But wait! Why do we need the REPLY to the REQUEST, then? Can't we just get rid of that. Well, not exactly. The problem is that a reliable protocol guarantees that a message will eventually arrive at its destination, but makes no guarantees about when. The protocol may retransmit the information many, many times, over many, many timeout periods, before successfully delivering the message.
In the case of the RELEASE message, timing is not critical. But this is not the case for the REQUEST message. The REQUEST message must be received, before the requesting node can enter the critical section. This is the only way of ensuring that all nodes will see the same head node, should a RELEASE message arrive. Otherwise, two different hosts could look at their queues, determine that they are at the head, and enter the critical section -- disaster. This disaster could be detected after-the-fact when the belated REQUEST arrives -- but this too late since mutual exclusion has already been violated.

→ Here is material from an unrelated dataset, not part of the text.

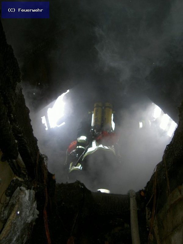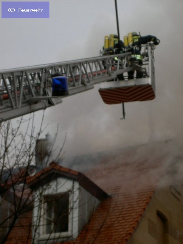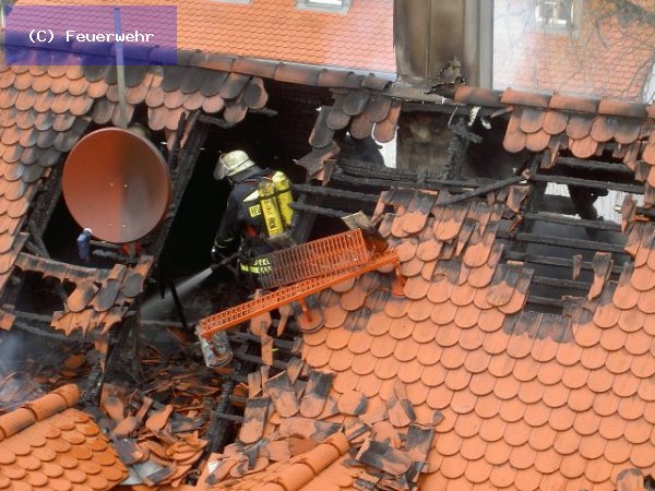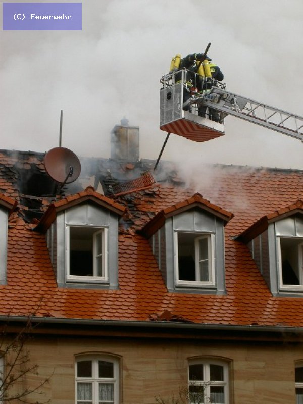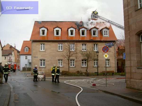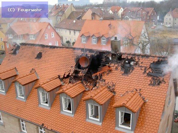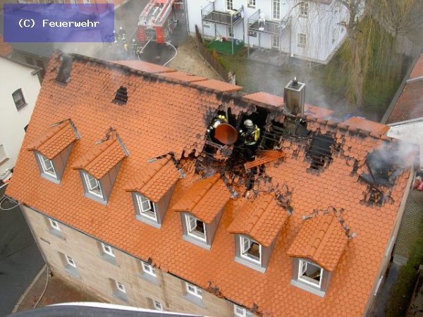 Aus bisher noch ungeklärter Ursache war ein von fünf Wohnparteien genutztes Mehrfamilienhaus in Brand geraten. Dabei wurde der Dachstuhl komplett zerstört. Zur Unterstützung wurden die Steiner Ortsfeuerwehren Weihersbuch und Deutenbach nachgefordert. Mit zwei C-Rohren im Innenangriff, sowie einem Wasserwerfer von der Drehleiter aus, wurde das Feuer bekämpft. Zusätzlich wurde mit einem Einreißhaken die Dachhaut geöffnet. Gegen 10:24 Uhr konnte „Feuer aus“ gemeldet werden. Mit der nachgeforderten Wärmebildkamera des Landkreises Fürth wurden noch Glutnester aufgespürt, so dass die Nachlöscharbeiten noch andauerten.
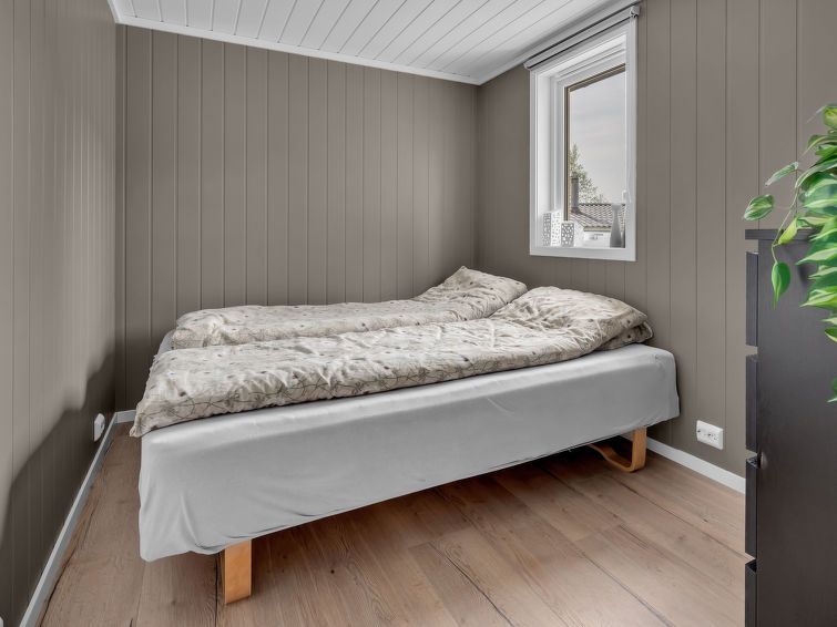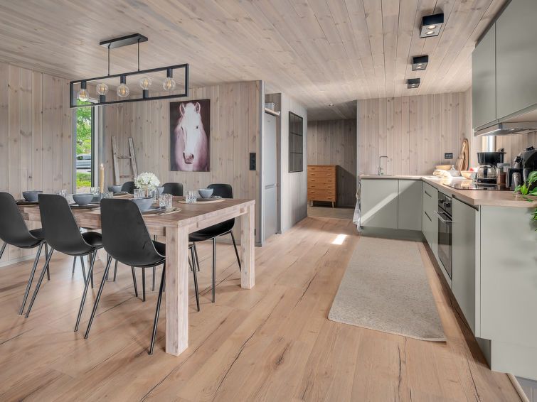 "Bjørkstue", 5-room house 80 m2. Cosy furnishings: living/dining room with Scandinavian wood stove, dining table and TV. Exit to the terrace. 1 room with 1 double bed (160 cm, length 200 cm). 1 room with 1 x 2 bunk beds (120 cm, length 200 cm) (80 cm, length 200 cm). 1 room with 1 x 2 bunk beds (120 cm, length 200 cm) (75 cm, length 200 cm).

This approach requires 3(N - 1) messages per request: REQUEST, REPLY, and RELEASE must be sent to every other node. It isn't very fault-tolerant. Even a single failed host can disable the system -- it can't REPLY.
Timestamp Approach (Ricarti and Agrawala)
The Lamport approach described above was improved by Ricarti and Agrawala. Ricarti and Agrawala observed that the REPLY and RELEASE messages could be combined. This is achieved by having the process that is currently within the critical section delay its REPLY until it exists the critical section. In order to do this, each process must queue REQUESTs while within the critical section.
In many respect, this change converts this approach from a "global queue" approach to a "voting" approach. A node requests entry to the critical section and enters the critical section as soon as it has received an OK (REPLY) vote from every other node.
The details of this approach follow:
- Build a message
- Send message to all participants
- If not in CS and don't want in, reply OK
- If in CS, enqueue request
- If not in CS, but want into the CS, and the requestor's time is lower, reply OK (messages crossed, requestor was first)
- If not in CS, but want into the CS, and the requestor's time is greater, enqueue request (messages crossed, participant was first)
- On exit from CS, reply OK to everyone on queue (and dequeue each)
- Once received OK from everyone, enter CS
This approach requires 2*(n - 1) messages, that is one message to and from everyone except self. This is an (n - 1) improvement over Lamport's approach.
But it fails to address the more serious limitation -- fault tolerance. Even a single failure can disable the entire system. Both timestamp approaches require more messages than a centralized approach -- and have lower fault tolerance. The centralized approach provides one single point of failure (SPF). These timestamp approaches have N SPFs.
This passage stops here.